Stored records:
_____

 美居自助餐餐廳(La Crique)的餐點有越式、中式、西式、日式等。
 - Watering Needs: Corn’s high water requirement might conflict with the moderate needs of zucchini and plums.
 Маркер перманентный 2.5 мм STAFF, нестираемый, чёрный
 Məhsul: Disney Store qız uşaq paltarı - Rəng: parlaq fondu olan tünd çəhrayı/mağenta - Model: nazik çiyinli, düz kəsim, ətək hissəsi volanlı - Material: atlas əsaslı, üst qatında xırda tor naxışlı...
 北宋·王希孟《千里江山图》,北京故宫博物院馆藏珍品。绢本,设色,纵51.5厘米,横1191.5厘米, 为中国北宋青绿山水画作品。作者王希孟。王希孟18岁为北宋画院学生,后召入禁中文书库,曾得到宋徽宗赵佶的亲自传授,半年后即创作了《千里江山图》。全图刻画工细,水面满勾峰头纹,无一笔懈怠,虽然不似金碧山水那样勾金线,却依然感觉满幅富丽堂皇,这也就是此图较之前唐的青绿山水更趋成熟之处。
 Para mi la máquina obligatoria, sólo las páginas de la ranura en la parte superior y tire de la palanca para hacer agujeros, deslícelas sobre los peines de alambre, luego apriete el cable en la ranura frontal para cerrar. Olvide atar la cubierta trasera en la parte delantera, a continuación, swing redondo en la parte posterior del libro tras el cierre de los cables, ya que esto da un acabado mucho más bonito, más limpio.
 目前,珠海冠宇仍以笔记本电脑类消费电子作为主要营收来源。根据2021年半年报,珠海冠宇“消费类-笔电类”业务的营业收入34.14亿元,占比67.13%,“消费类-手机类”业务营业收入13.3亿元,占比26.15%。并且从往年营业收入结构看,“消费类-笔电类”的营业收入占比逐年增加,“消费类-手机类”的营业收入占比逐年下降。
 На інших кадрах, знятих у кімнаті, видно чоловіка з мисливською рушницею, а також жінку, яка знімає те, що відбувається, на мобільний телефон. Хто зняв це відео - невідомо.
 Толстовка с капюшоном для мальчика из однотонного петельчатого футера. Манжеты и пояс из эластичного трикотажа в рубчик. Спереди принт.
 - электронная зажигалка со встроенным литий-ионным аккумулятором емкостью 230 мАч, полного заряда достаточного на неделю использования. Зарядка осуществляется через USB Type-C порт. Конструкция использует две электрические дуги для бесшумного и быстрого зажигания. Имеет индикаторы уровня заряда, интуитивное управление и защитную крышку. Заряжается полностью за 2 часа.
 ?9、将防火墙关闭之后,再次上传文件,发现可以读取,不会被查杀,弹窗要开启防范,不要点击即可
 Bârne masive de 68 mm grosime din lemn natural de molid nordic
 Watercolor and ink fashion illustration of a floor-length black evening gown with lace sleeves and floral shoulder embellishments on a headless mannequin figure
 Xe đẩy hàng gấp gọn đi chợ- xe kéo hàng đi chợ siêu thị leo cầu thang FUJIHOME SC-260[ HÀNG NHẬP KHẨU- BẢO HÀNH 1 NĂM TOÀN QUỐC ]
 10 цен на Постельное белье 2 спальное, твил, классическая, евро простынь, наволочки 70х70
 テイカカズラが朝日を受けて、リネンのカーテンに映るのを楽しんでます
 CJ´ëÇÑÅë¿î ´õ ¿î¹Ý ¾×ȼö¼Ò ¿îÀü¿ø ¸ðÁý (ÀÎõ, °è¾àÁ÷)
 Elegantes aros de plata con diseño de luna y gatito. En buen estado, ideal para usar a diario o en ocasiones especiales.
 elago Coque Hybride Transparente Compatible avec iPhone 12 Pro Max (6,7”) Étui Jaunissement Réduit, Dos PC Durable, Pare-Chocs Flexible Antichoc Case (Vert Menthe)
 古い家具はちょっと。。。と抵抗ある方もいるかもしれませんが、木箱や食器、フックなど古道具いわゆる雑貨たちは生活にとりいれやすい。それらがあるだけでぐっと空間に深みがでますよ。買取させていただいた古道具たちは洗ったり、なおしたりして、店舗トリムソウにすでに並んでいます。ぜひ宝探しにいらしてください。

_____

Look for the word "with". Copy out every line of the data that has it.

### Answer to this problem
 - Watering Needs: Corn’s high water requirement might conflict with the moderate needs of zucchini and plums.
 Watercolor and ink fashion illustration of a floor-length black evening gown with lace sleeves and floral shoulder embellishments on a headless mannequin figure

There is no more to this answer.